Monday, 12 December 2016

Irish League of Credit Union Reports Strong 2016 Year-End Figures.



The Irish League of Credit Unions recently released very positive 2016 year-end figures, showing that demand for loans is increasing steadily across all affiliated credit unions. Loans are up by a significant €216 million (6.1%) in the Republic of Ireland, with 192 credit unions growing their loan books. Lending has now been on the rise for five out of the last six quarters.

In Northern Ireland, loans are up by over 3%, with 72% of credit unions reporting a growth in their loan books. Lending has now been on the rise in Northern Ireland for four consecutive years, and has grown by 11% in total since late 2012.
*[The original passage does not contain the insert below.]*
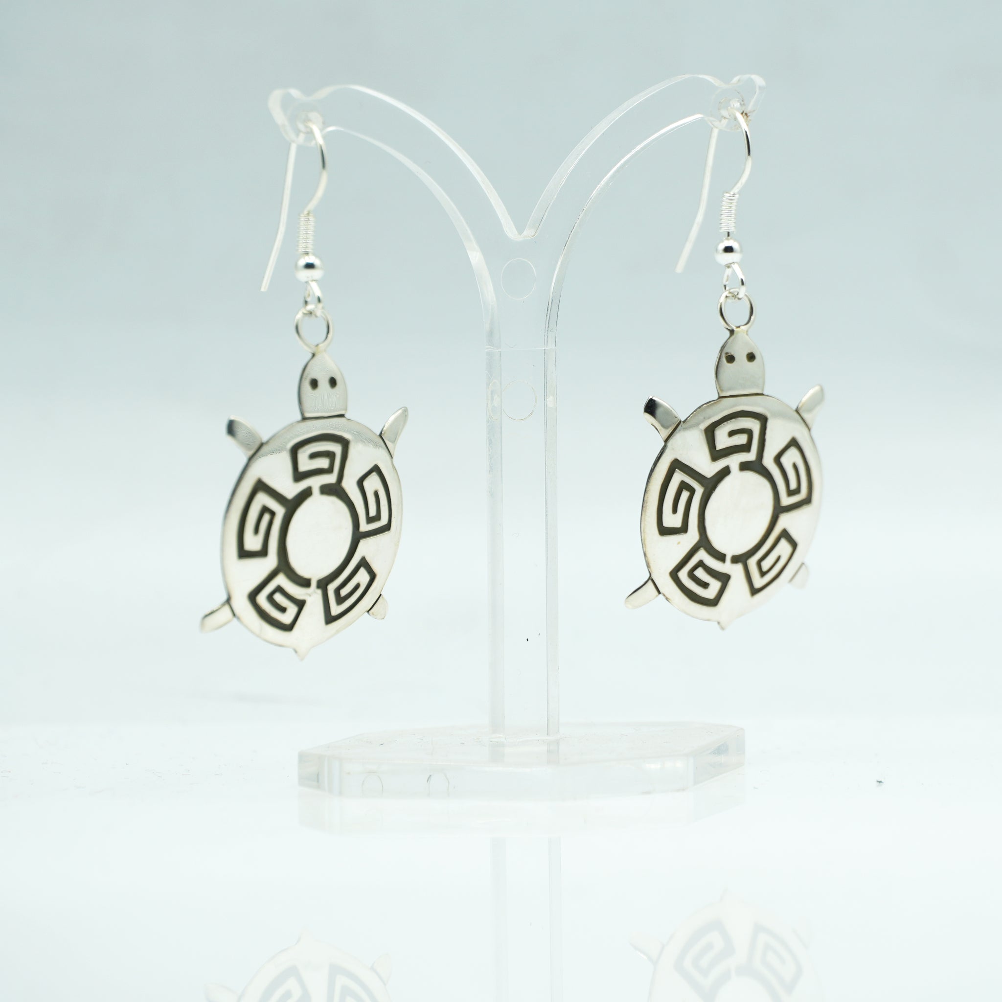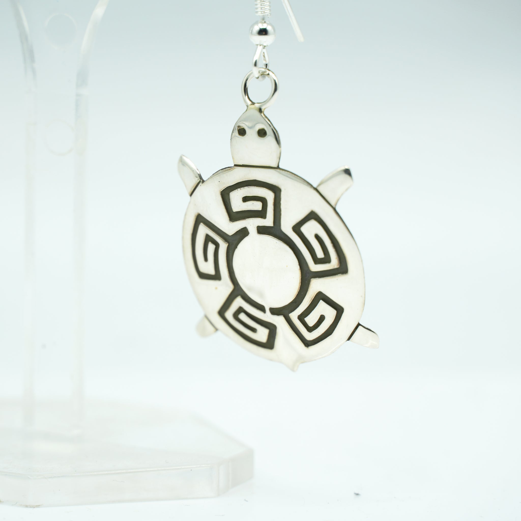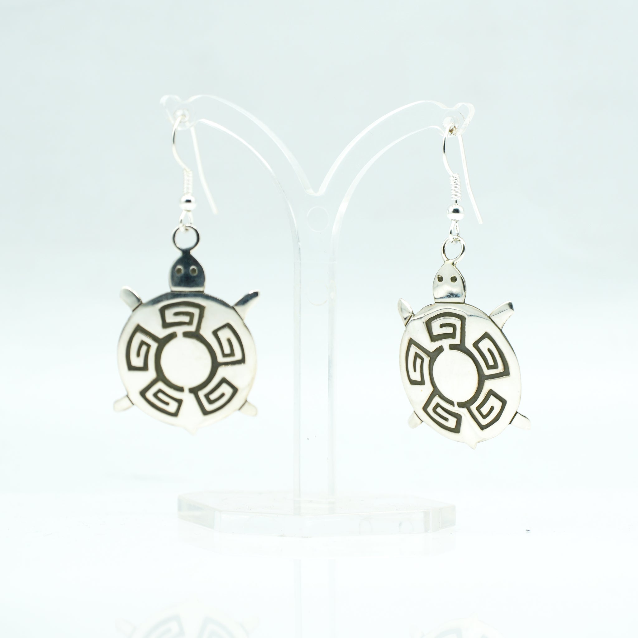 These charming Zuni earrings feature beautifully crafted sterling silver turtles, each with a bold geometric shell design inspired by traditional Native motifs. The clean cut-out pattern highlights the polished silver surface, while the simple, rounded form of the turtle body gives the earrings a friendly and timeless character. Lightweight and expressive, they offer a blend of cultural symbolism and artisan craftsmanship perfect for everyday wear.

This healthy upward trend in lending is hugely encouraging. Credit unions have been very proactive in growing their loan books over the past year, and this has been demonstrated by the fact that the vast majority are now reporting lending increases. The figures are reflective of a movement that continues to grow and strengthen, while confidence continues to be expressed by the steady growth in membership, which has now reached almost 3.5 million.
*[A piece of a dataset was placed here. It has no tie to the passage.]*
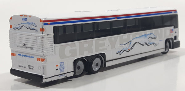 1990s Greyhound Bus 6307 White Die Cast Toy Car Vehicle with Rubber Tires

We have also continued to have strong asset growth in 2016. Assets grew by over 7% in the Republic, and now stand at slightly over €14 billion – up almost €1 billion. In Northern Ireland, assets have been increasing for six consecutive years and were up by 6% in 2016 to over £1.3 billion.

Savings increased by 7%, to now stand at €12 billion in the Republic, while savings were also up by 7% in Northern Ireland and are now at over £1.1 billion.
Arrears have hit a ten year low in the Republic and are now back at September 2006 levels following a 27% fall in 2016. In Northern Ireland, arrears have fell by 6% and have now been falling for three consecutive years.

The 2016 results once again show that the credit union movement is very well capitalised. Capital reserves increased by 8.4% and now stand at €2.3 billion in the Republic, while in Northern Ireland, capital reserves increased by £11 million (6%) and are now at £184 million.

While we did have some regrettable news in 2016 with the liquidation of Rush Credit Union, it is clear from these year-end figures that overall the movement is strong and extremely well capitalised, while confidence continues to be expressed by our growing membership.

It is important also to put what happened at Rush Credit Union in context; this was an extremely rare occurrence. The Central Bank has stated that the situation there was at the extreme end of the scale, and that there are no other cases like it. And I would reiterate these comments. We are going into 2017 from a very positive position and will continue to succeed because we continue to change to meet members’ needs.